With the opening of its new Olney campus, WCA also gained a number of modern athletic facilities: including a gymnasium with a hardwood basketball court and seating for up to 300, a multi-purpose athletic field employed for soccer and numerous other sports and a baseball field.

The WCA Men's Varsity soccer in 2010-11 won the championship game.

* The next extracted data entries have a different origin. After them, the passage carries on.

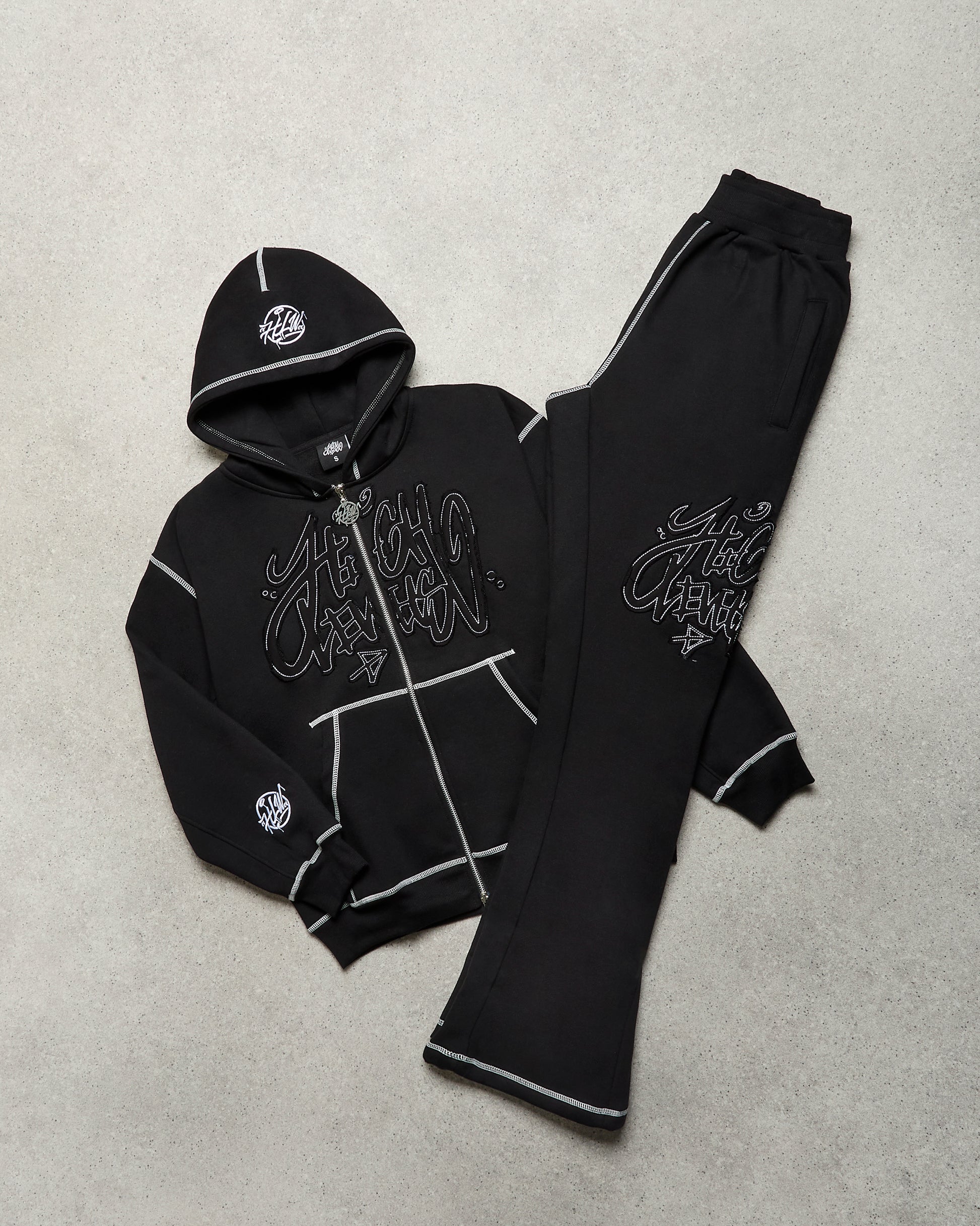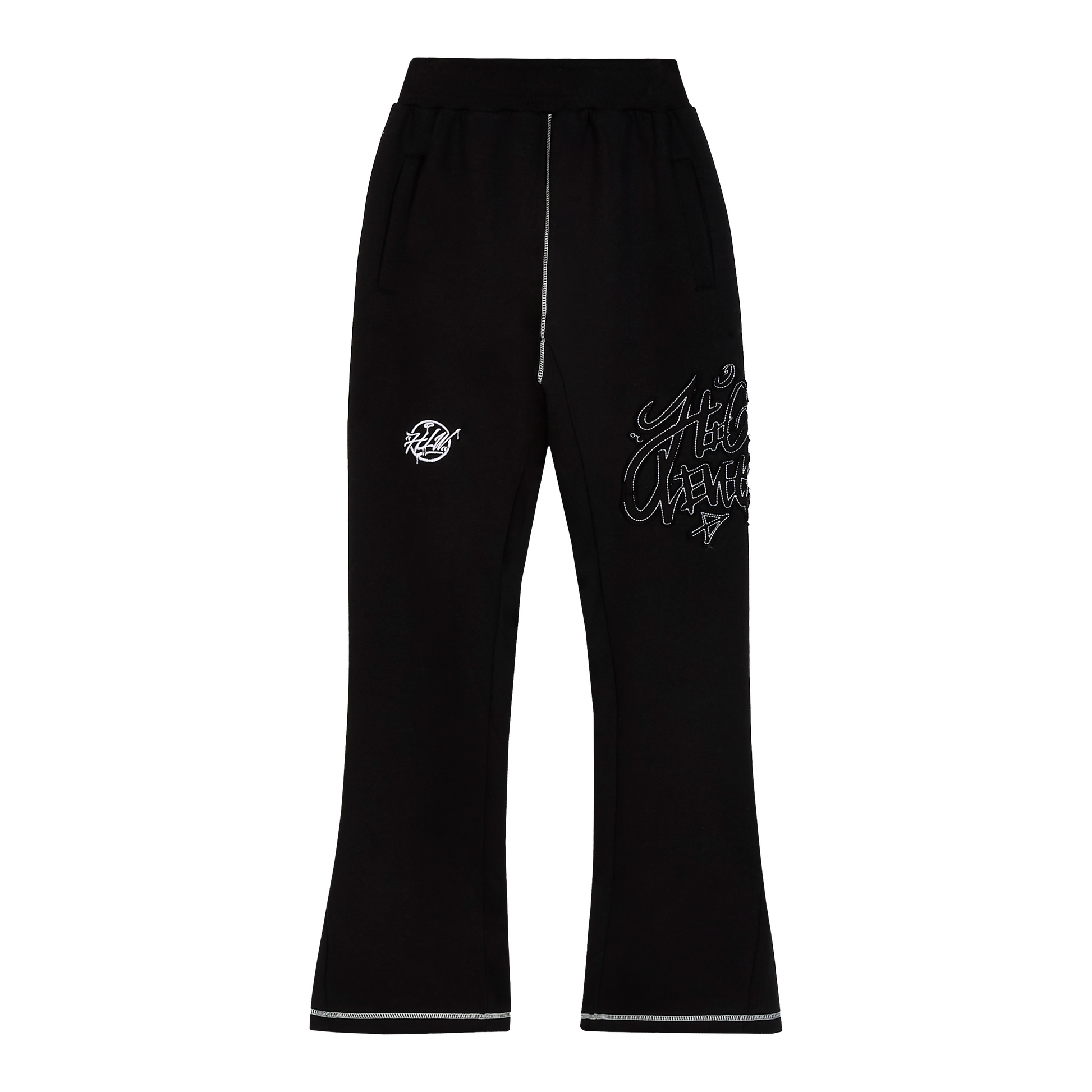 Flared joggers with distressed 3D embroidery and contrast stitching, cut for a relaxed, comfortable fit.
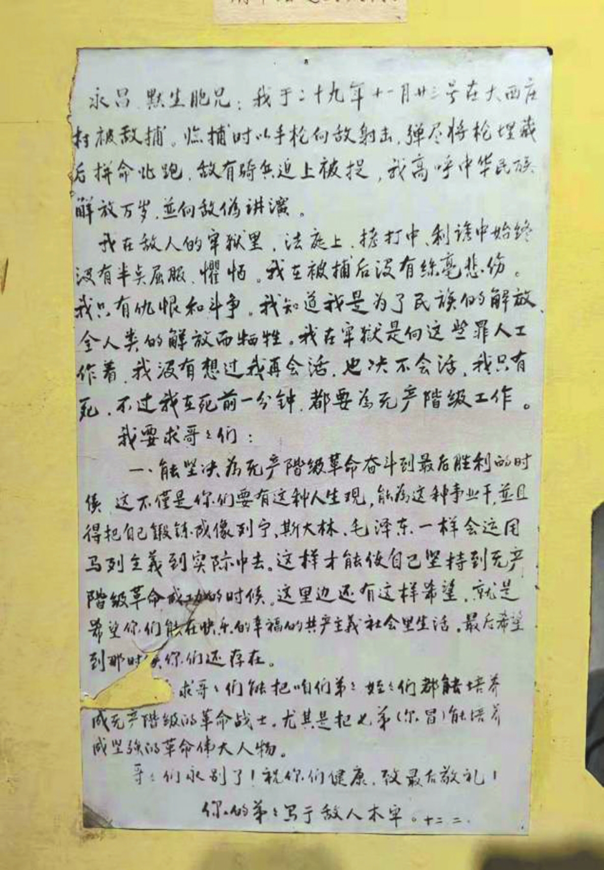 遺書中,表達了對抗戰(zhàn)勝利的必勝信心;直言“我死了是為國家為民族而犧牲”,以生命詮釋對黨的忠誠,展現(xiàn)了共產(chǎn)黨人堅貞不屈的崇高革命精神與為共產(chǎn)主義奮斗終身的犧牲精神。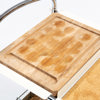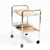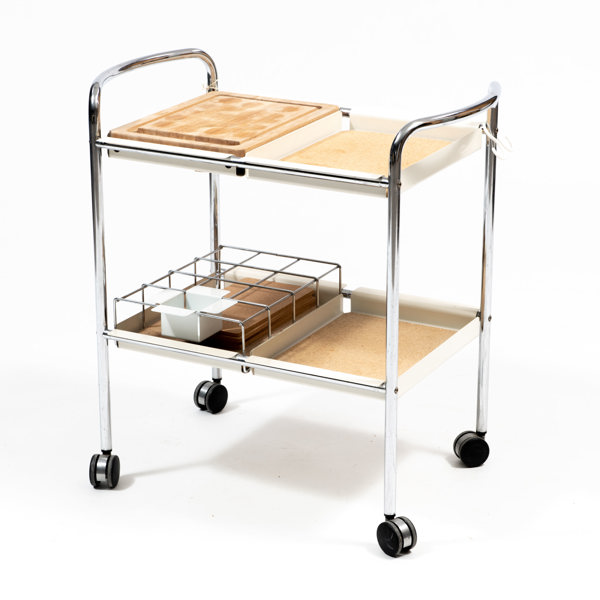Serveringsvagn, "Supporter", kromad stomme, vitlackerade metallbrickor, korkunderlägg, skärbräda, höjd 80, 76 x 49 cm

Between 2015 and 2017, the Varsity Boys won back-to-back; the PVAC Division along with the PVAC Championship capped off with two Maryland Christian State Tournament (MCST) Championship final appearances which one game was won. In 2017, they won the Championship Final of the MCST versus Holly Grove Christian School. Within the new expanded PVAC Conference of 11 teams, the boys finished fourth behind Washington International School, Sandy Spring Friends School, and Berman Hebrew Academy.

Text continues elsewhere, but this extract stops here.